This week I reread a favourite of mine: Cormac McCarthy’s The Road. The story is simple: a father and his son travel through a post-apocalyptic landscape. Their aim: survive the winter. The danger: other people.
The Road is set in the future, in which the world as we know it is destroyed by a non-specified disaster. Humanity has almost become extinct, nature has suffered irreparable damage, and the remaining people try to stay alive as well as they can. For many that involves cruelty, murder, and even cannibalism, because food has become scarse.
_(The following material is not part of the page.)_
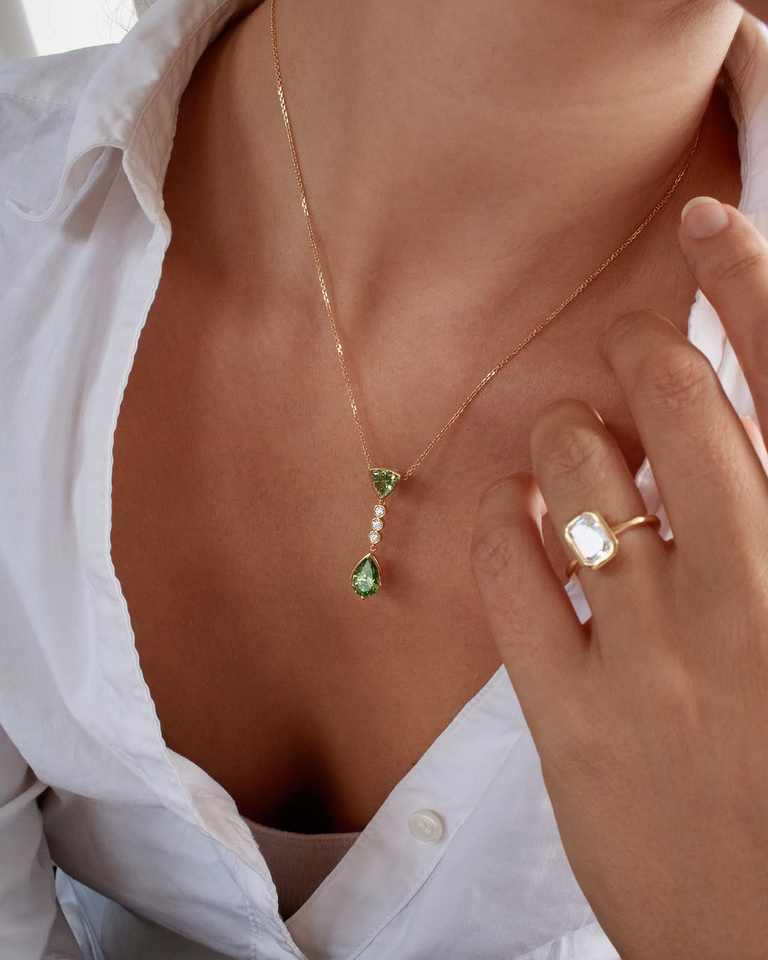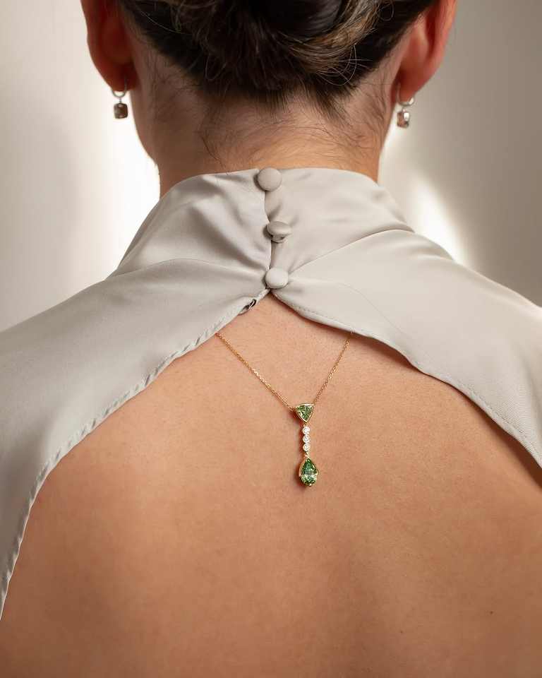 Luxury Green Diamond Drop Pendant Necklace 18k Solid Gold Diamond Accent IGI Certified Fine Jewelry for Women OEM ODM Wholesale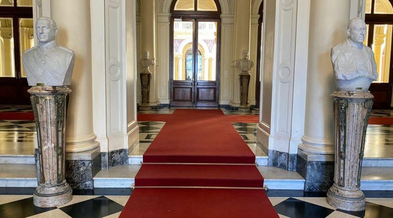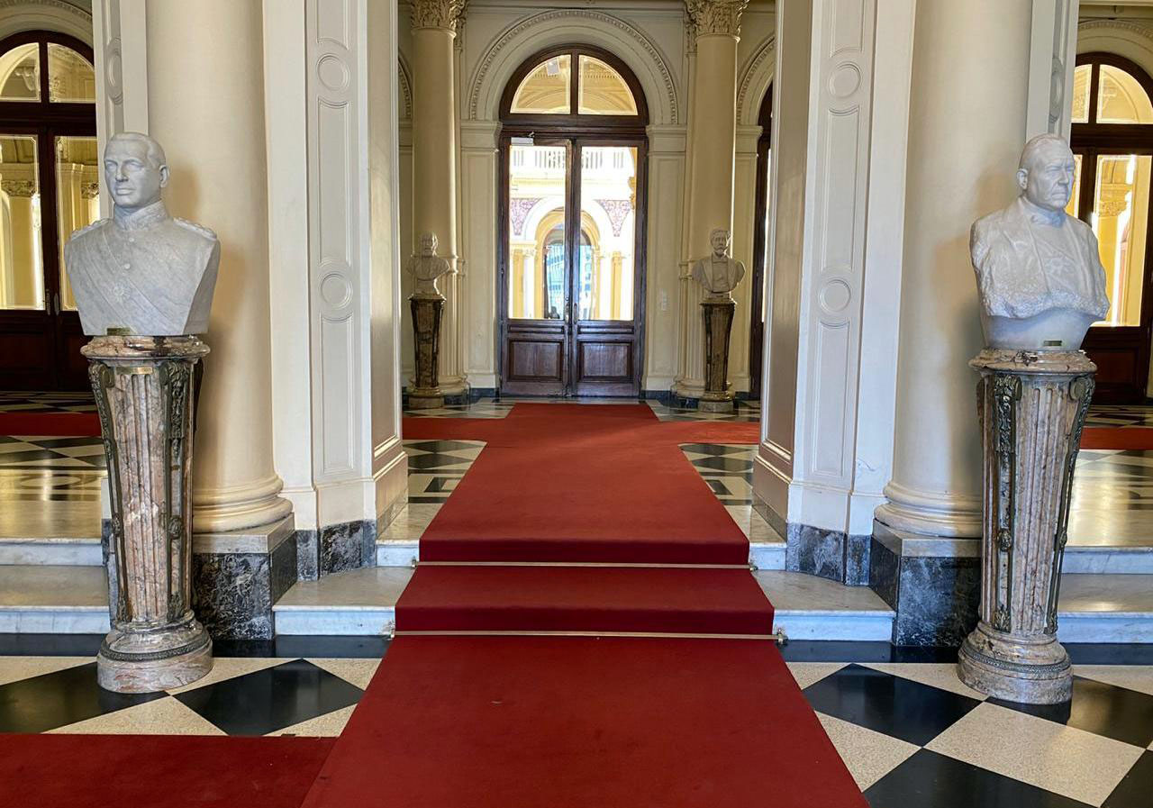 El busto de Yrigoyen se encuentra en el denominado Salón de los Bustos, en la entrada a la Casa Rosada por la explanada de la calle Rivadavia, por donde ingresan diariamente el presidente Alberto Fernández, los funcionarios e invitados.

The man and his son, however, are determined to keep “carrying the fire.” They only eat tinned food they find on their way and are able to keep going because of their love for each other. Now, this could have led to a horribly sentimental story. Except that it’s written by Cormac McCarthy. And the author of Blood Meridian and No Country for Old Men, among others, is never sentimental.
What makes this book so powerful, apart from its frightening portrayal of a destroyed world where some remains of civilization still exist, is its style. It’s almost poetic, and it makes it difficult to put the book down. I usually start reading it, thinking I’ll finish it in a week or so, but always end up finishing it in one day. Because once it’s got you, it won’t let you go.
A final reason to read this book: it makes you think. Even though McCarthy does not specify what kind of disaster led to the destruction of the world, the world he describes looks eerily similar to Pripryat, the city which happened to be next to the Chernobyl nuclear plant. And we all know what happened there.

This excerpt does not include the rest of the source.